Michael Ellerman <mpe@ellerman.id.au> writes: > "Linux regression tracking (Thorsten Leemhuis)" <regressions@leemhuis.info> writes: >> [CCing the regression list, as it should be in the loop for regressions: >> https://docs.kernel.org/admin-guide/reporting-regressions.html] >> >> On 20.05.24 17:15, Christoph Hellwig wrote: >>> Adding ben and the linuxppc list. >> >> Hmm, no reply and no other progress to get this resolved afaics. So lets >> bring Michael into the mix, he might be able to help out. > > Sorry I didn't see the original forward for some reason. > > I haven't seen this on my G5, but it's hard drive is on SATA. I think > the CDROM is pata_macio, but there isn't a disk in the drive to test > with. > >> BTW TWIMC: a PowerMac G5 user user reported similar symptoms here >> recently: https://bugzilla.kernel.org/show_bug.cgi?id=218858 > > AFAICS that report is from a 4K page size kernel (Page orders: ... > virtual = 12), so there must be something else going on? No that's wrong.

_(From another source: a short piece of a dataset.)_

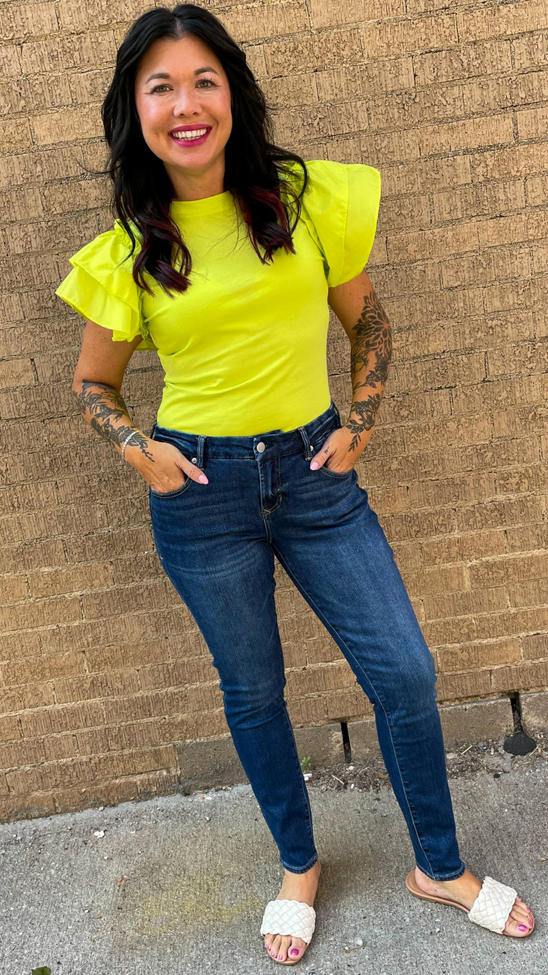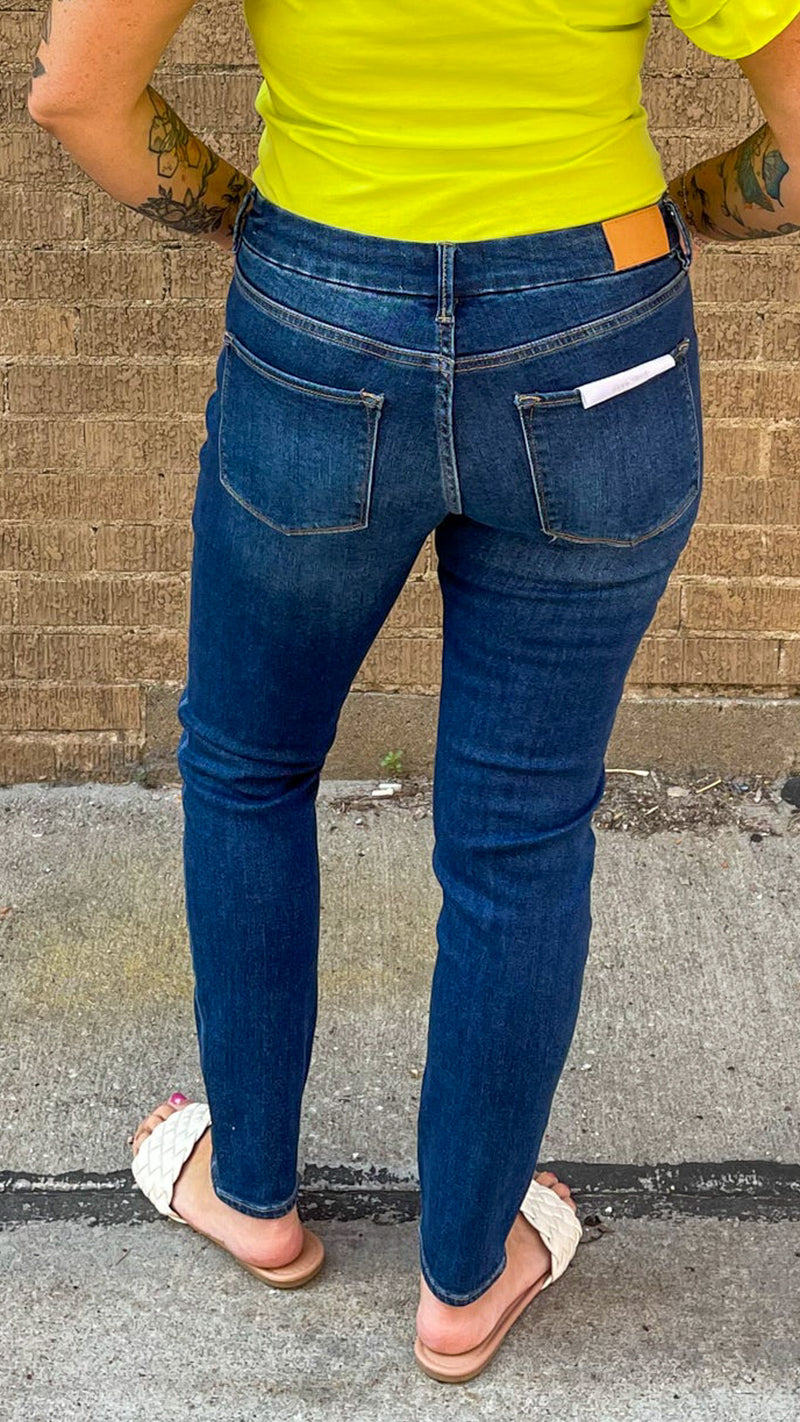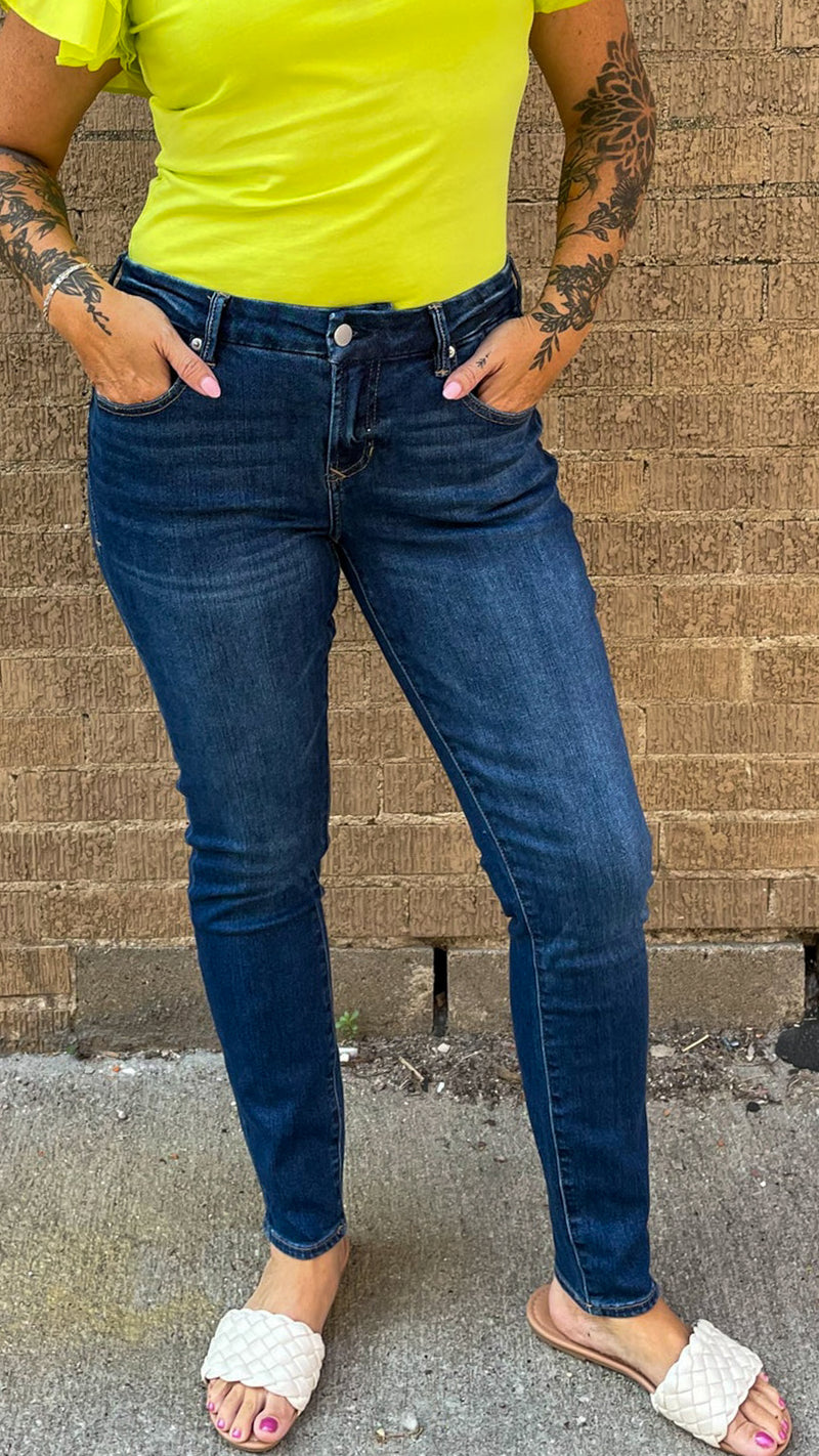 A dark wash pair of jeans. Stretchy, not stiff denim.
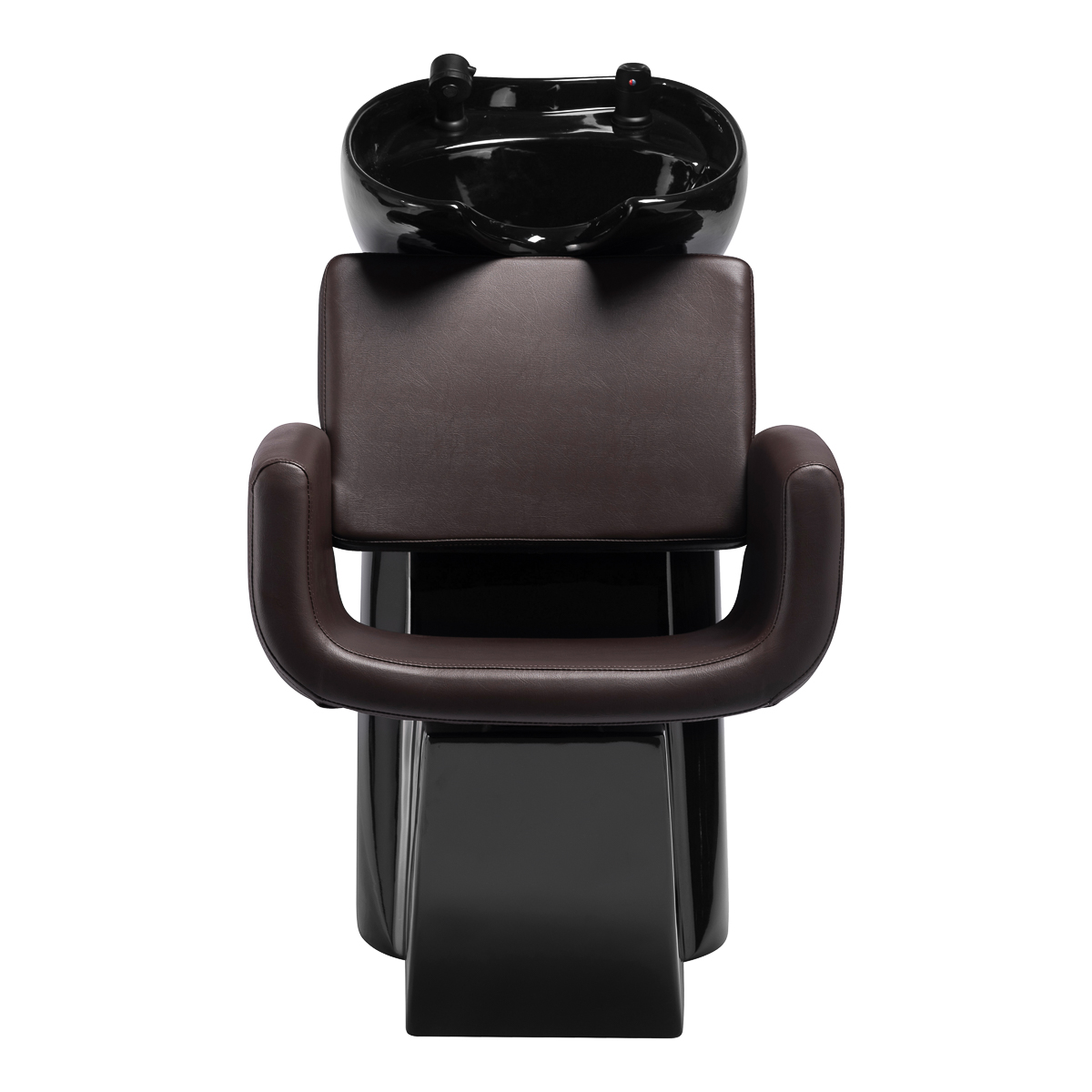 Minimalistyczny fotel o charakterystycznie zaokrąglonym siedzisku łączy prostotę formy z wysokim komfortem użytkowania. Oparcie o optymalnym kącie nachylenia wspiera naturalną pozycję ciała. Tapicerka wykonana z wysokiej jakości skóry syntetycznej w odcieniach brązu jest odporna na zużycie i łatwa do utrzymania w czystości. Nowoczesna linia mebla podkreśla elegancki charakter myjni oraz doskonale komponuje się z wystrojem salonu. W zestawie znajduje się kompletna armatura o matowym wykończeniu w odcieniach czerni, w tym bateria, słuchawka prysznicowa oraz dedykowane węże, aby zapewnić całkowity zestaw narzędzi do pracy.

The actual hardware page size is 4K, but CONFIG_PAGE_SIZE and PAGE_SHIFT etc. is 64K. So at least for this user the driver used to work with 64K pages, and now doesn't. cheers
On Fri, May 31, 2024 at 12:28:21AM +1000, Michael Ellerman wrote: > No that's wrong. The actual hardware page size is 4K, but > CONFIG_PAGE_SIZE and PAGE_SHIFT etc. is 64K. > > So at least for this user the driver used to work with 64K pages, and > now doesn't. Which suggested that the communicated max_hw_sectors is wrong, and previously we were saved by the block layer increasing it to PAGE_SIZE after a warning. Should we just increment it to 64k?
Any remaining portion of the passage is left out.